Los investigadores también señalan que la combinación de inmunoterapia y radioterapia puede aumentar el riesgo de necrosis tisular (necrosis); este efecto se observó en el 25 % de 139 pacientes sometidos a dicho tratamiento.
Las moléculas dirigidas contra los receptores de muerte celular programada 1 (PD-1) son los anticuerpos monoclonales - nivolumab, pembrolizumab - y contra las proteínas PD-L1 - atezolizumab, avelumab. PD-1 se encuentra en la superficie de las células del sistema inmunitario, y las proteínas PD-L1, entre otras, en la superficie de las células cancerosas. El resultado de combinar PD-L1 o PD-L2 con el receptor PD-1 es la inhibición de la respuesta inmune al tumor en desarrollo.
Tabla Resumen de Eventos Adversos
| Evento Adverso | Porcentaje de Pacientes |
|---|---|
| Dermatitis | 18.4% |
| Tiroiditis | 12.9% |
| Artritis | 9.7% |
| Neumonía | 9.2% |
| Hepatitis | 7.4% |
El Rol de la Alimentación en la Inmunoterapia
Una alimentación adecuada es clave para apoyar el sistema inmunológico, especialmente cuando se está bajo tratamientos como la inmunoterapia.
- Frutas y verduras: Una gran variedad proporciona antioxidantes, que ayudan a proteger las células del cuerpo.
- Uno de los hallazgos más interesantes es el impacto de los probióticos y ciertos metabolitos dietéticos en la respuesta inmunitaria.
- Un estudio liderado por investigadores de la Universidad de Pittsburgh encontró que la bacteria Lactobacillus reuteri, cuando se administra oralmente, puede migrar desde el intestino hasta los tumores, donde tiene un efecto directo en la activación de las células T, que son cruciales para el combate contra el cáncer.
- Además, estudios como el realizado por el National Cancer Institute han demostrado que una dieta rica en fibra puede influir positivamente en la respuesta a la inmunoterapia.
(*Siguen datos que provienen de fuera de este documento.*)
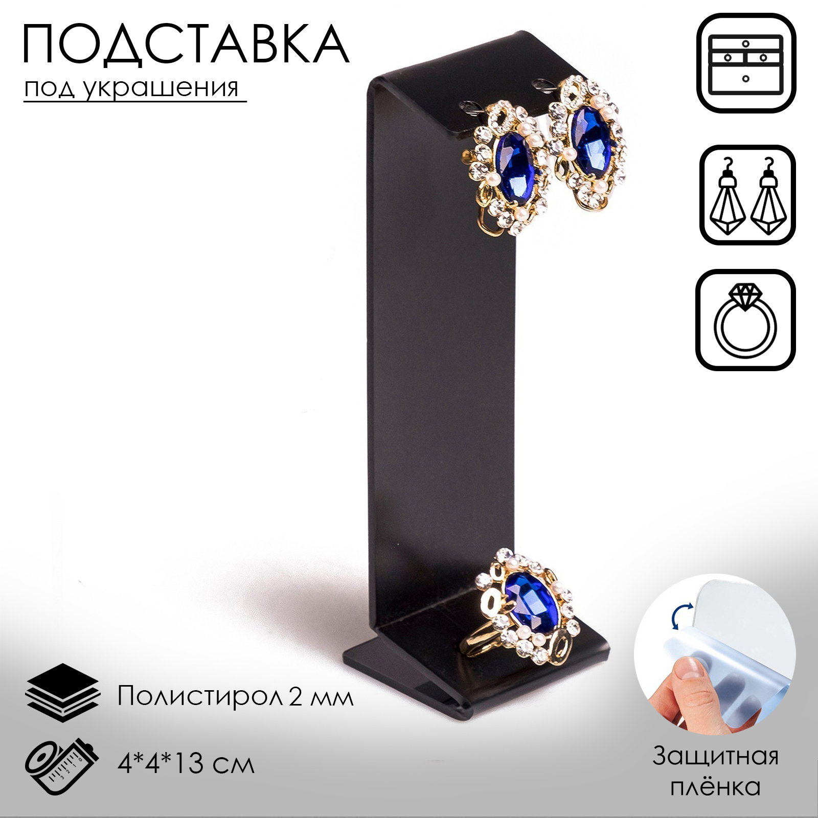 Подставка под серьги, кольцо, 4 4 13 см, 2 мм, цвет черный, в защитной плёнке
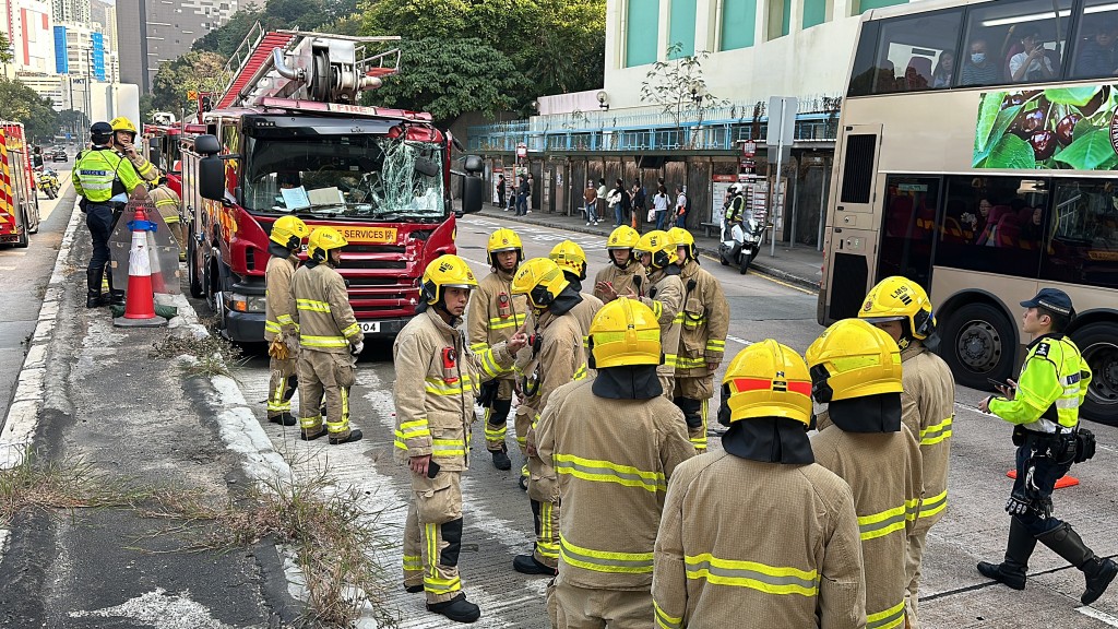 一輛消防車沿青山公路往屯門方向行駛,途至大窩口體育館對開時,與一輛巴士相撞。
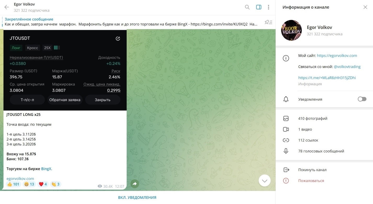 Обзор на трейдера Егора Волкова: отзывы настоящих людей об опыте работы с проектом EgorVolkov, анализ деятельности проекта в Телеграм Egor Volkov
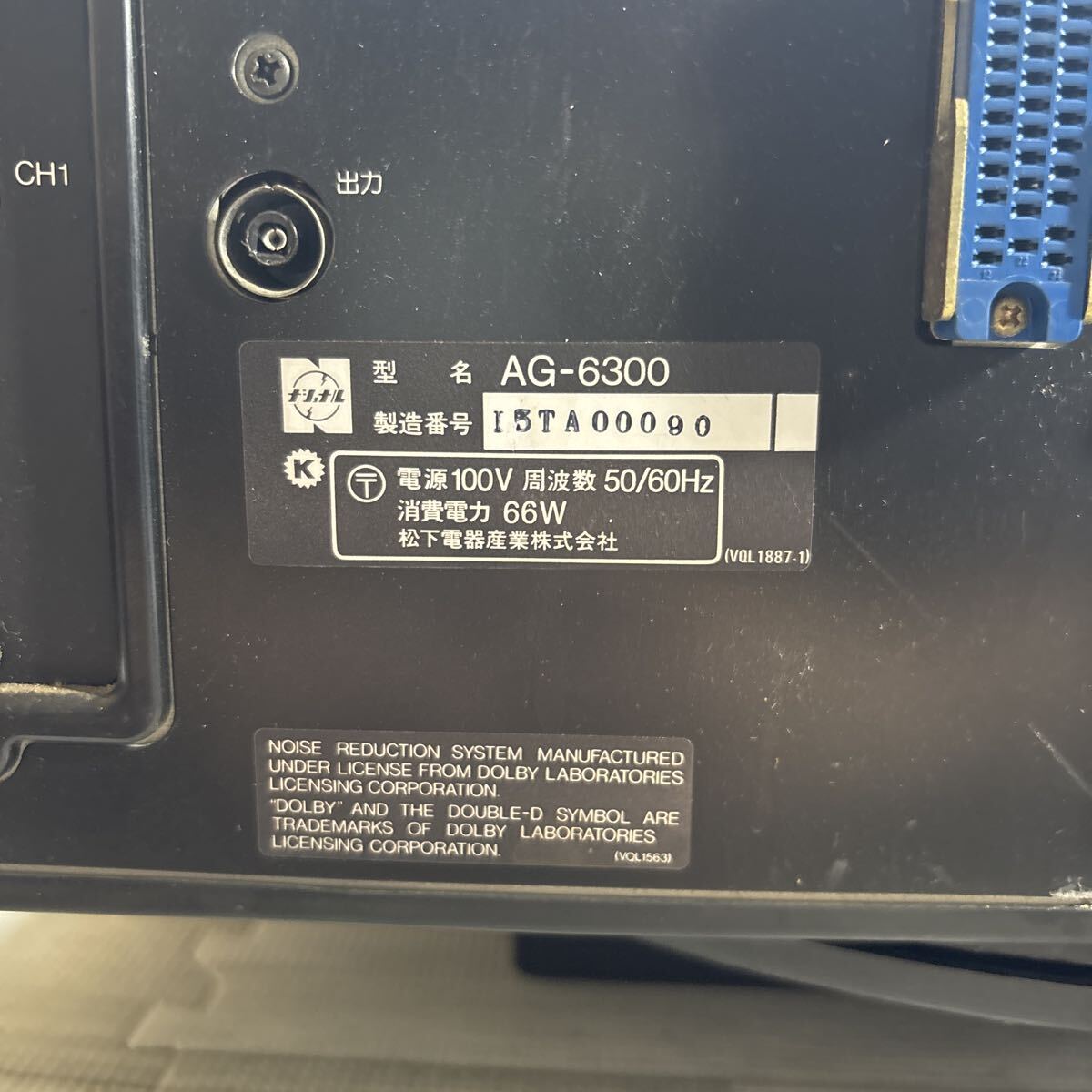 MYM9-193 激安 NATIONAL AG-6300 VIDEO CASSETTE RECORDER 通電NG 中古現状品 ※3回再出品で処分

- La fibra dietética puede afectar la composición de la microbiota intestinal, favoreciendo el crecimiento de bacterias que producen ácidos grasos de cadena corta con efectos antitumorales.
Reafirmamos la importancia de un enfoque integrado en el tratamiento del cáncer. La inmunoterapia combinada con una estrategia nutricional adecuada ofrece una potente sinergia que puede mejorar significativamente los resultados del tratamiento.